# [TASK INSTRUCTIONS]
Your output should be the lines below from the one with "また、女性でもスマートフォンと重ねて持てる薄型設計が魅力の「Anker PowerCore Slim" through the one with "接著要到旁邊的遊戲場啦,共有", copied exactly, pictures excluded.

# [INPUT]
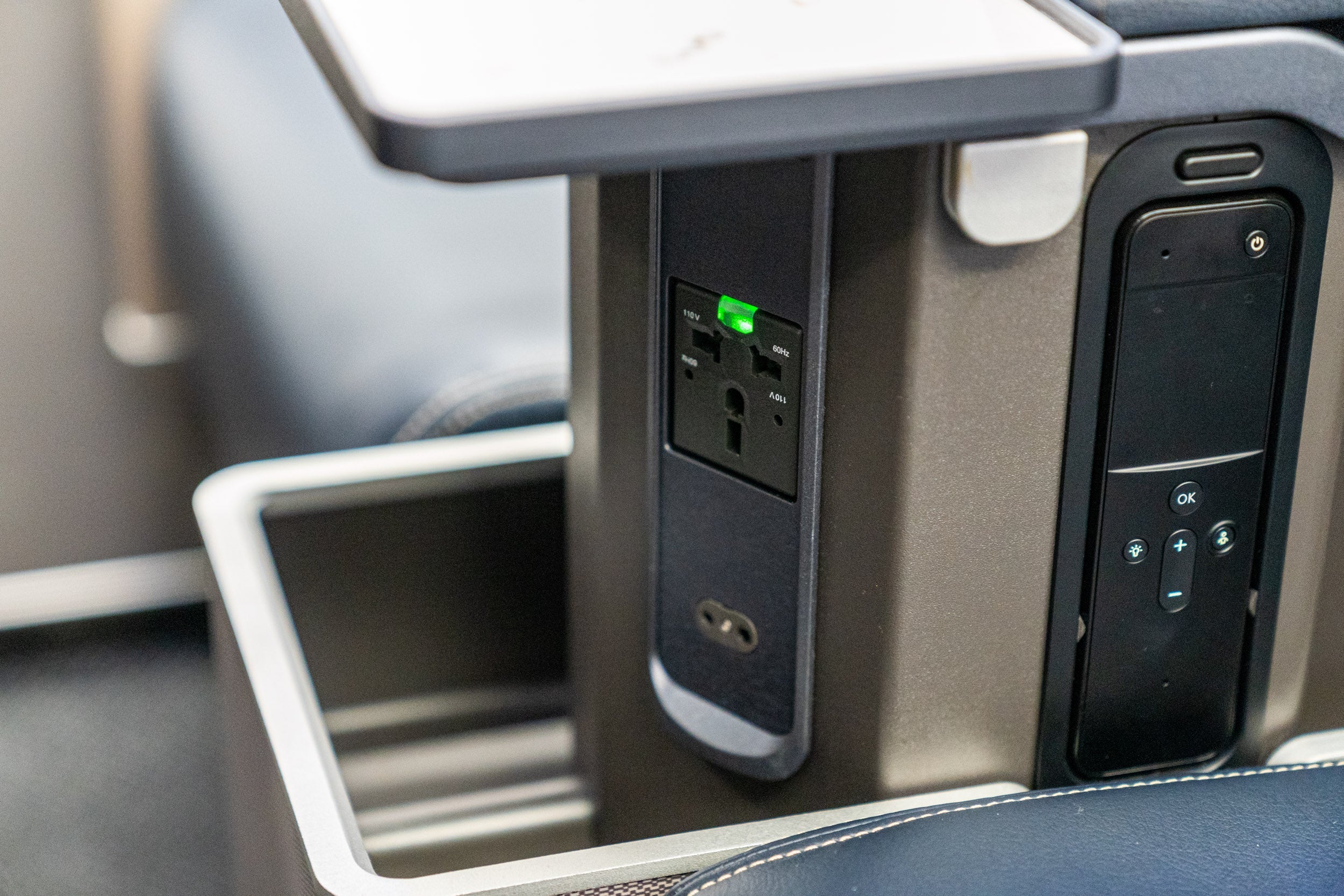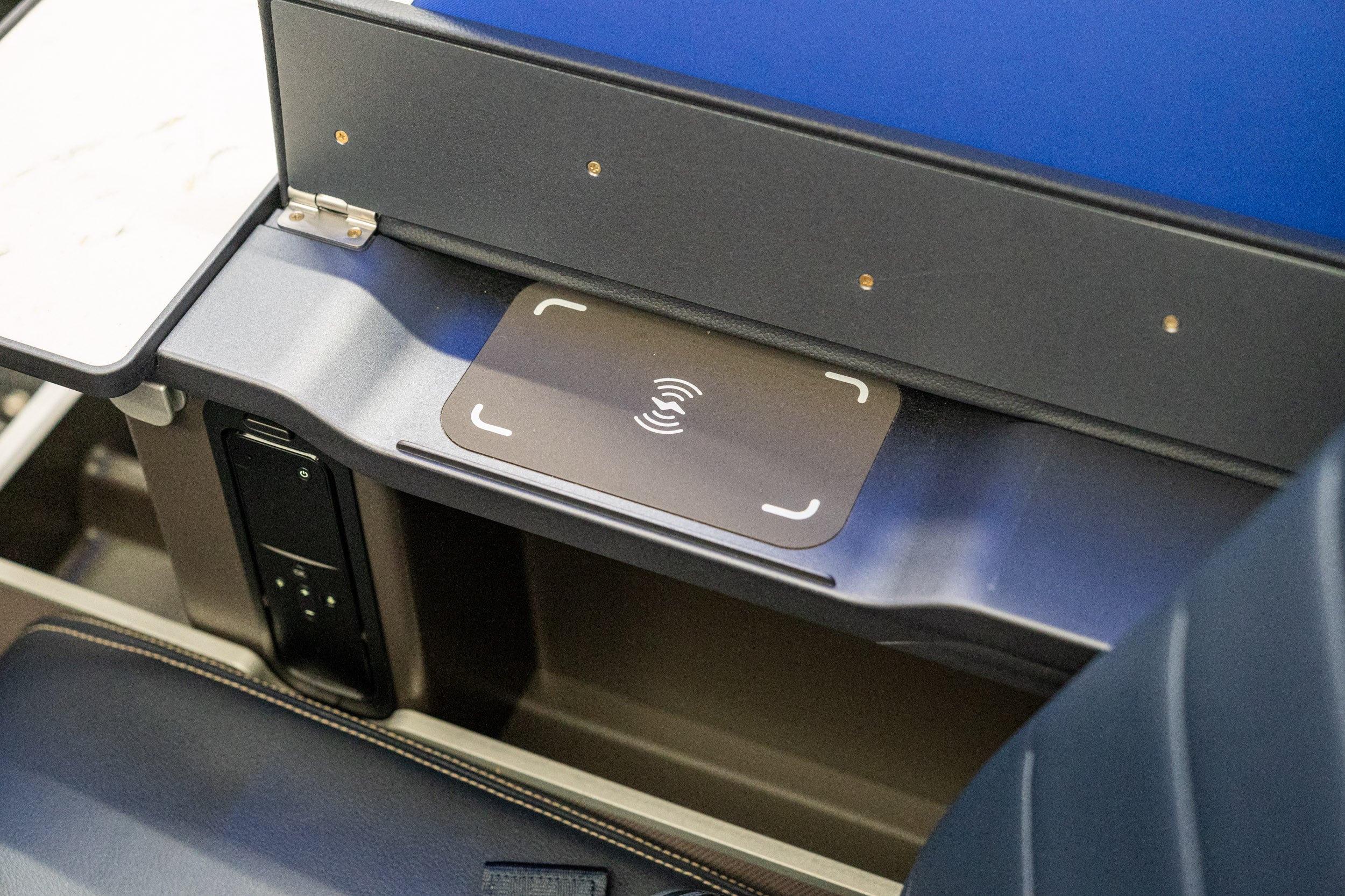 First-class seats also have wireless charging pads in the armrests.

...

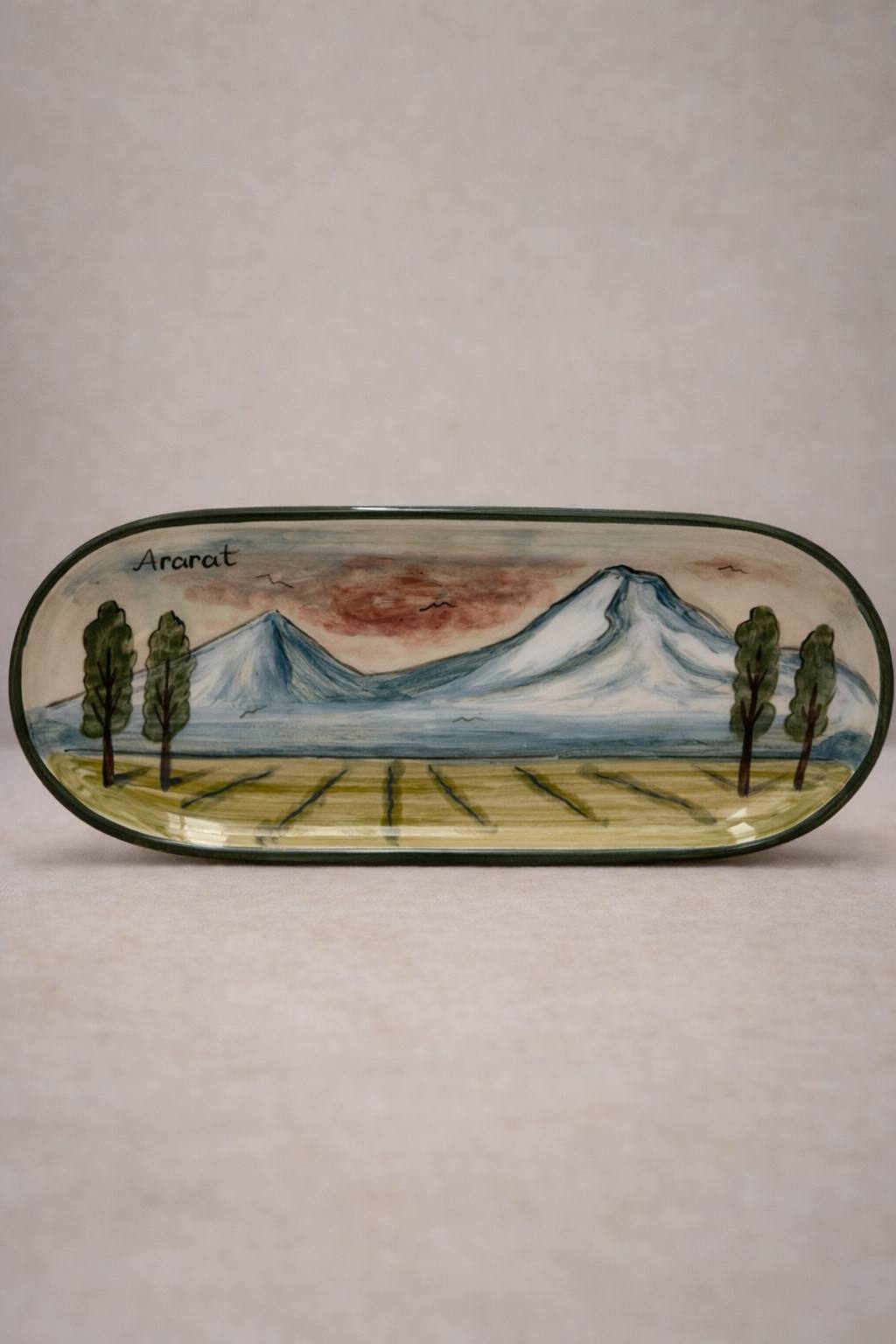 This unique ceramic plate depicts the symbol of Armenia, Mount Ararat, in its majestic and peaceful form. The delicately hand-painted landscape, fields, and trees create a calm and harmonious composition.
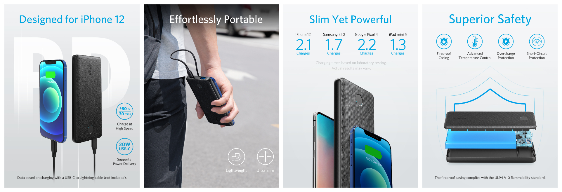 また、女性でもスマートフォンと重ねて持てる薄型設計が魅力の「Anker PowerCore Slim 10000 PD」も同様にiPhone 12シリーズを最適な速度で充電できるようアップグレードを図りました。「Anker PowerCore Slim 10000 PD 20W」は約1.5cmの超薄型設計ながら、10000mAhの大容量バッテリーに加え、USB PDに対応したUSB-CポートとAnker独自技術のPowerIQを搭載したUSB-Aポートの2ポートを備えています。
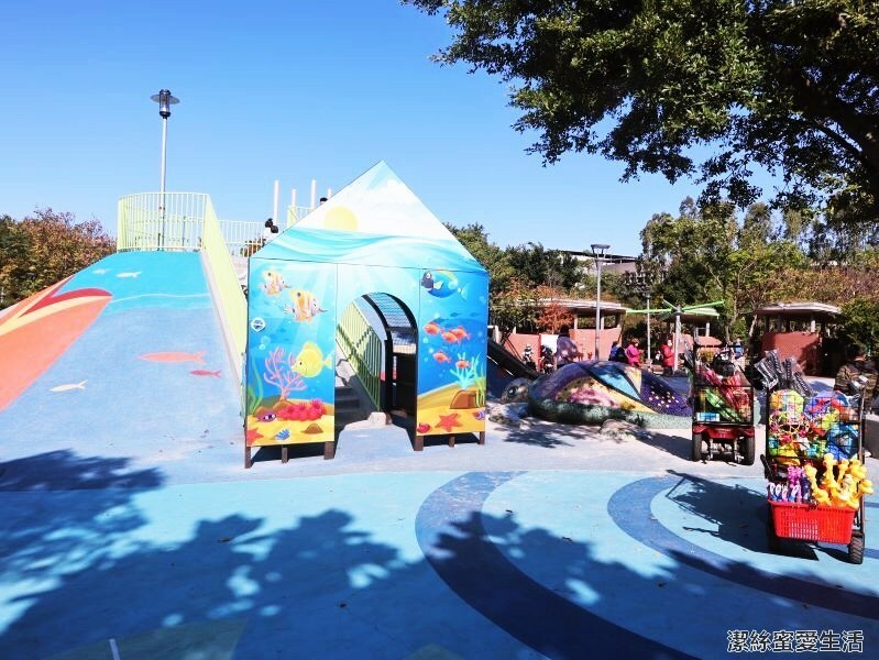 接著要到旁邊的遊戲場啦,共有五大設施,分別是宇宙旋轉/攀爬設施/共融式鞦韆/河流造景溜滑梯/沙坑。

==

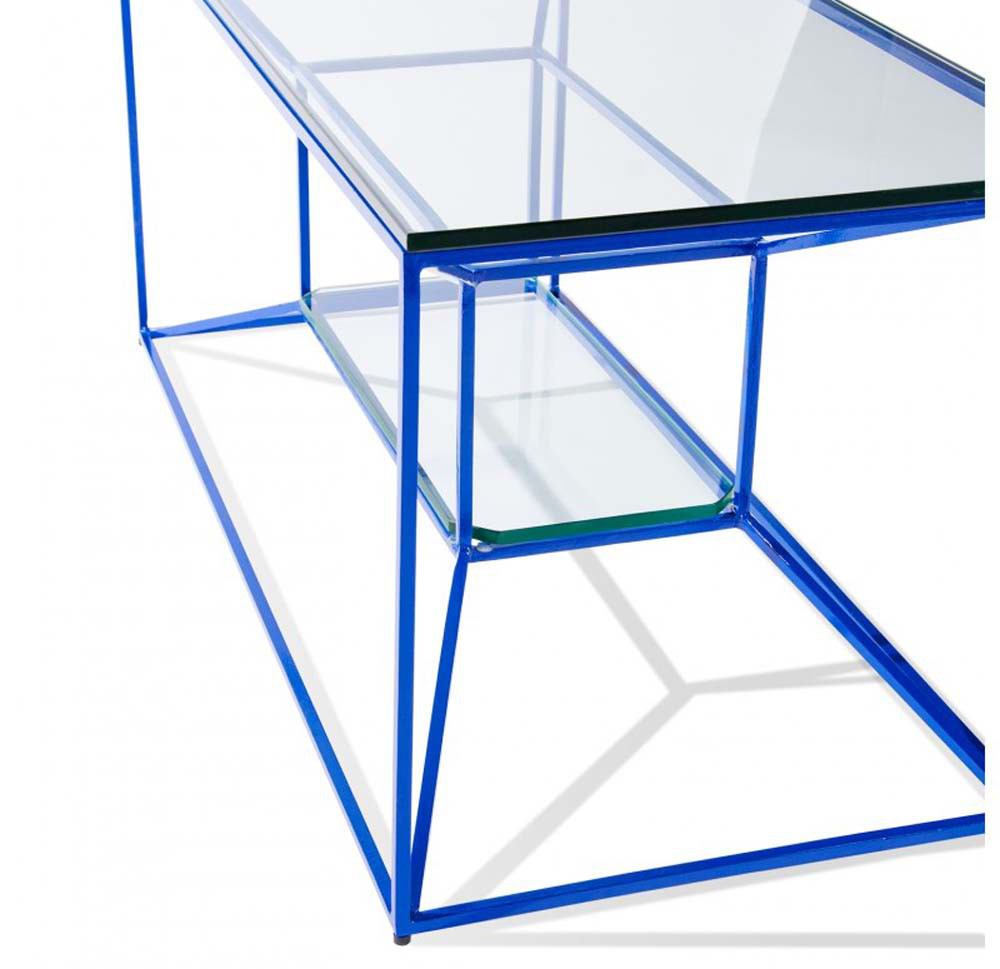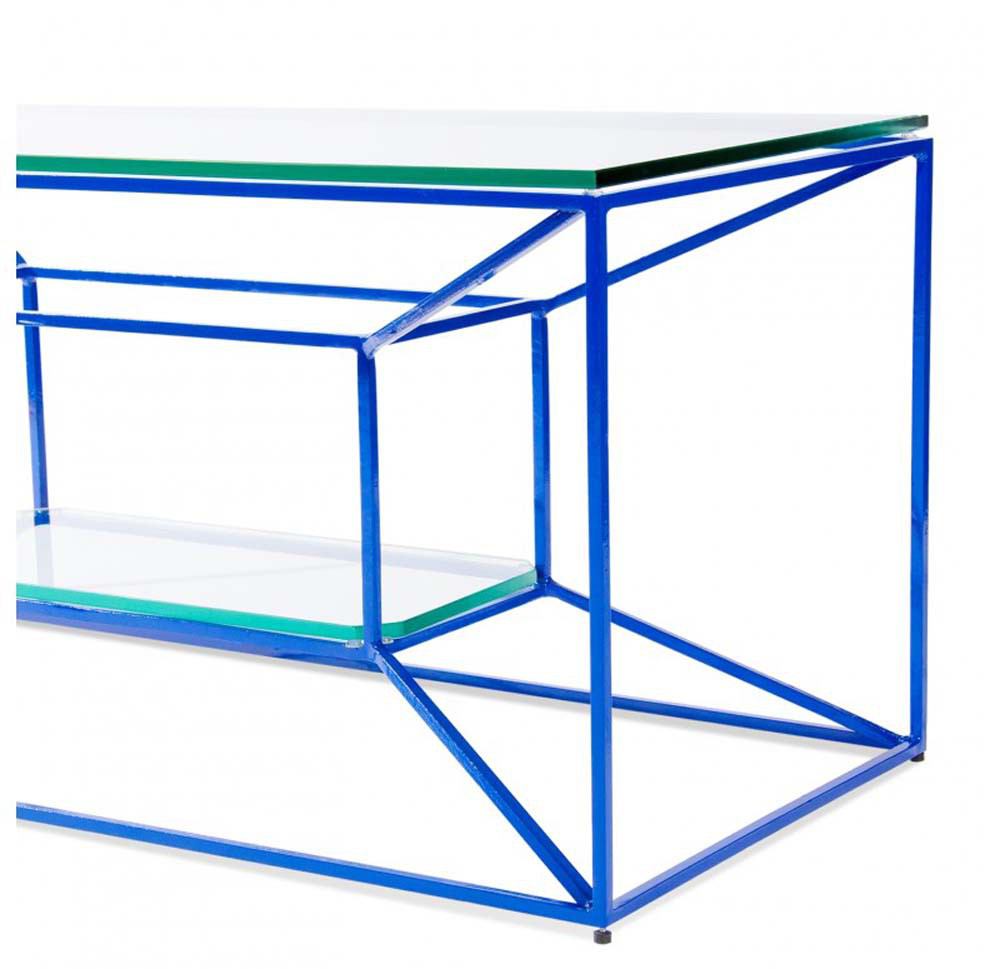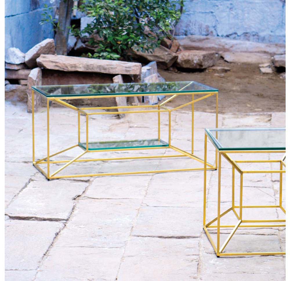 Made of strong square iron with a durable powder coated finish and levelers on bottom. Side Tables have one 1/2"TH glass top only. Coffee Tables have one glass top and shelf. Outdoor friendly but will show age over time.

# [RESPONSE TO THE EXERCISE]
 また、女性でもスマートフォンと重ねて持てる薄型設計が魅力の「Anker PowerCore Slim 10000 PD」も同様にiPhone 12シリーズを最適な速度で充電できるようアップグレードを図りました。「Anker PowerCore Slim 10000 PD 20W」は約1.5cmの超薄型設計ながら、10000mAhの大容量バッテリーに加え、USB PDに対応したUSB-CポートとAnker独自技術のPowerIQを搭載したUSB-Aポートの2ポートを備えています。
 接著要到旁邊的遊戲場啦,共有五大設施,分別是宇宙旋轉/攀爬設施/共融式鞦韆/河流造景溜滑梯/沙坑。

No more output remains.